## INSTRUCTIONS FOR THE TASK
From the line that contains "Фен щетка GM-4833" to the final line below, both included, print each line exactly and skip the pictures.

## DATA EXTRACT

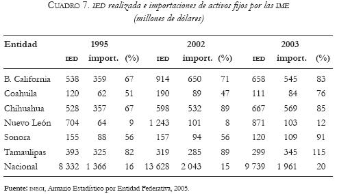 Por deficiencias como éstas Sonora no ha podido ser proveedor de la IED que recibe, lo que hace que casi todos los recursos que entran bajo este rubro regresen al país de origen o a otras regiones para la adquisición de activos fijos. Como confirmación de ello, se tiene que en 1995 ingresaron a Sonora poco más de 155 millones de dólares de la IED, de los cuales 56 por ciento se regresó para la adquisición de activos fijos. En 2003 la proporción aumentó a 91 por ciento, en tanto que en Nuevo León las cifras respectivas fueron 9 y 12 por ciento.
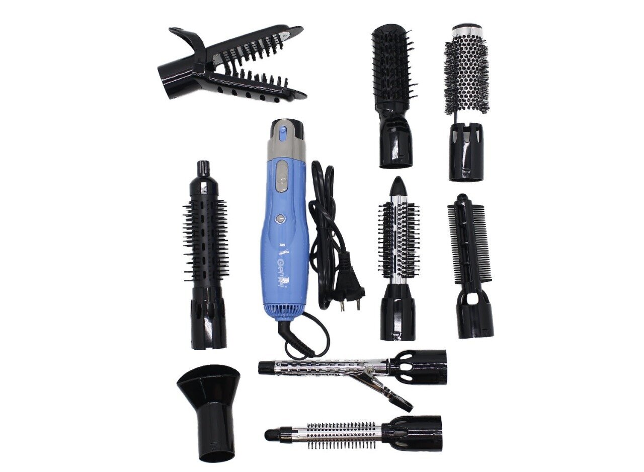 Фен щетка GM-4833 голубой для укладки волос с насадками 10 в 1
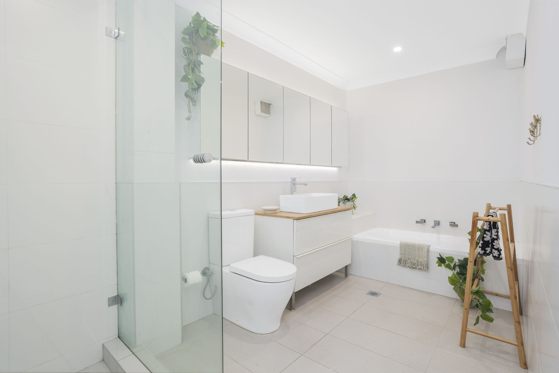 - Modern bathroom with separate bath/shower and internal laundry
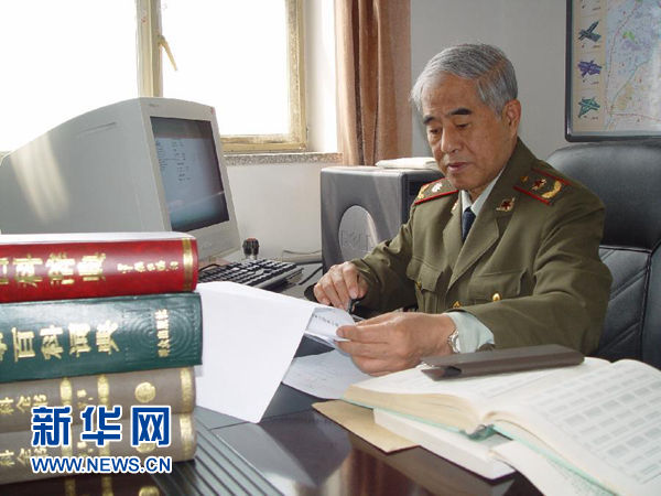 邱成龍在辦公室整理學術資料(資料照片)。 新華社發(何鐘 攝)

## EXERCISE SOLUTION
 Фен щетка GM-4833 голубой для укладки волос с насадками 10 в 1
 - Modern bathroom with separate bath/shower and internal laundry
 邱成龍在辦公室整理學術資料(資料照片)。 新華社發(何鐘 攝)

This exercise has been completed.